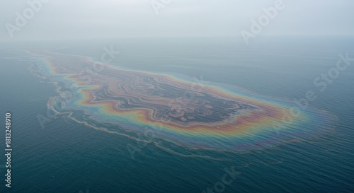 Obraz premium Aerial View of Oil Spill Rainbow Sheen on Ocean Surface
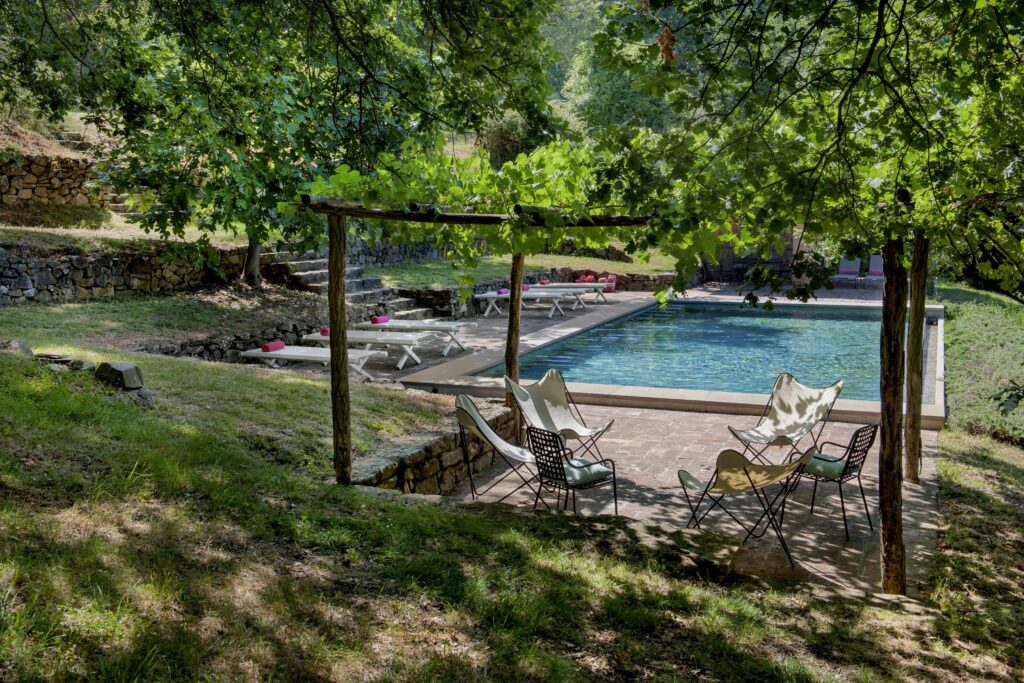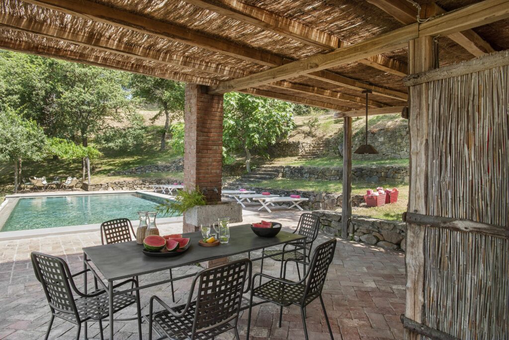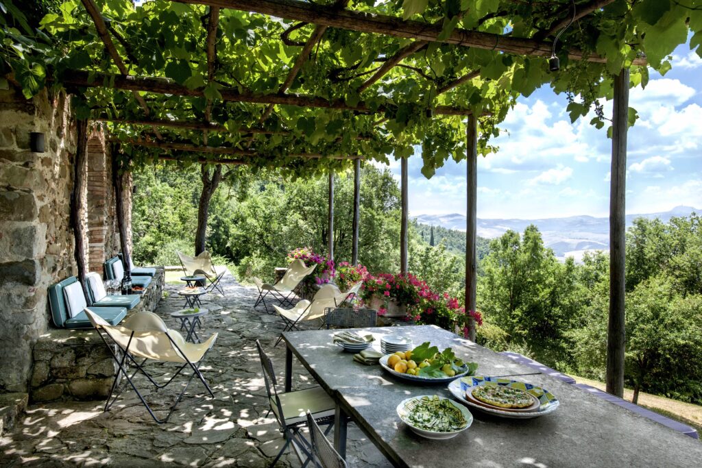 It feels private and peaceful without being isolated. It’s one of those places where mornings start slowly with views over the fields, children play freely in nature, and evenings are spent around long outdoor dinners. It has a warm, welcoming atmosphere, a real Tuscan home where you immediately feel at ease.
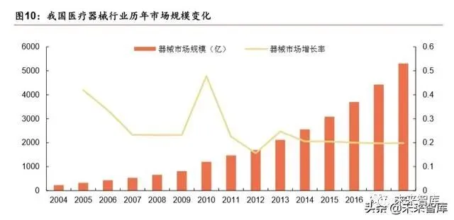 我国医疗器械行业规模从 2006 年的 434 亿元增长至 2018 年的超过 5000 亿元, 年均复合增长率约为 23.5%,是医药行业的优质赛道。
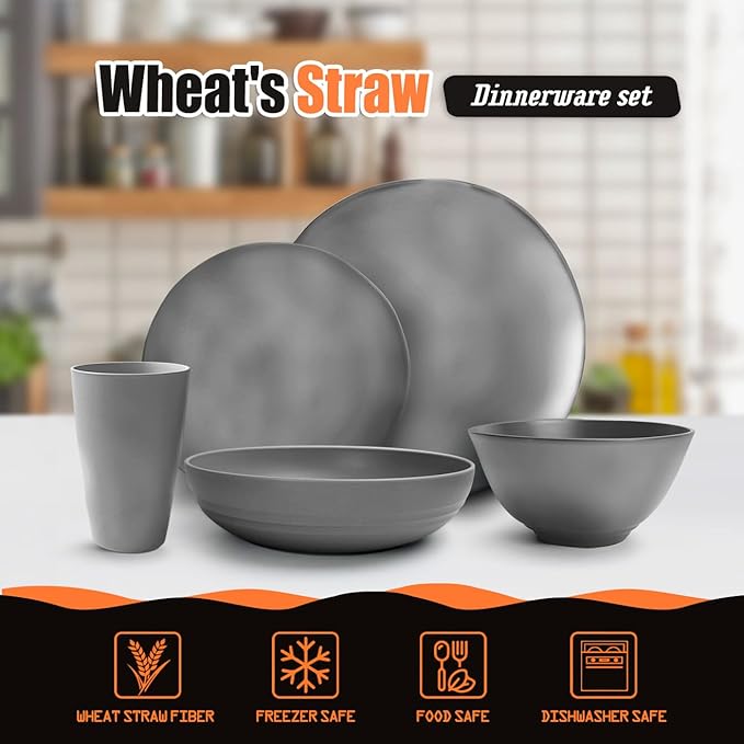 - PACKAGE INCLUDE: This wheat straw dinnerware sets include 40 pieces in total. Bright color bring you a fresh look and make it easy to match your existing flatware.
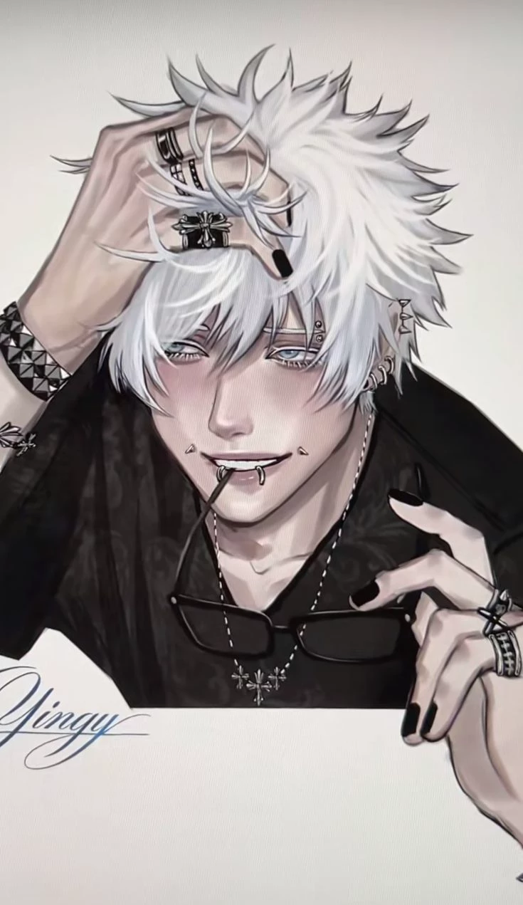 Satoru Gojo - your boyfriend — Gojo is sitting at the computer, playing alone while the light from the screen illuminates his face. In the background, Y/N watches a movie on TV, but he pretends to be completely focused on the match — even if, from time to time, he casts a discreet glance at her. Her white hair is messy and voluminous, falling over half-closed light blue eyes. He wears piercings in his eyebrow, lip and ears, as well as several silver rings. His nails are painted black, matching the dark shirt and cross necklace that highlights his alternative style. The black jeans are slim, with slight rips and a chain attached to the belt. Confident and provocative, he plays with a smirk, as if he is always in control — inside and outside the game. (Yes, I got this directly from chatgpt because I was too lazy to write all this down, so don't judge me!)

(Exercise directions): All of the entries above should be retyped exactly, with the pictures left out.

(Response to this exercise):
 Obraz premium Aerial View of Oil Spill Rainbow Sheen on Ocean Surface
 It feels private and peaceful without being isolated. It’s one of those places where mornings start slowly with views over the fields, children play freely in nature, and evenings are spent around long outdoor dinners. It has a warm, welcoming atmosphere, a real Tuscan home where you immediately feel at ease.
 我国医疗器械行业规模从 2006 年的 434 亿元增长至 2018 年的超过 5000 亿元, 年均复合增长率约为 23.5%,是医药行业的优质赛道。
 - PACKAGE INCLUDE: This wheat straw dinnerware sets include 40 pieces in total. Bright color bring you a fresh look and make it easy to match your existing flatware.
 Satoru Gojo - your boyfriend — Gojo is sitting at the computer, playing alone while the light from the screen illuminates his face. In the background, Y/N watches a movie on TV, but he pretends to be completely focused on the match — even if, from time to time, he casts a discreet glance at her. Her white hair is messy and voluminous, falling over half-closed light blue eyes. He wears piercings in his eyebrow, lip and ears, as well as several silver rings. His nails are painted black, matching the dark shirt and cross necklace that highlights his alternative style. The black jeans are slim, with slight rips and a chain attached to the belt. Confident and provocative, he plays with a smirk, as if he is always in control — inside and outside the game. (Yes, I got this directly from chatgpt because I was too lazy to write all this down, so don't judge me!)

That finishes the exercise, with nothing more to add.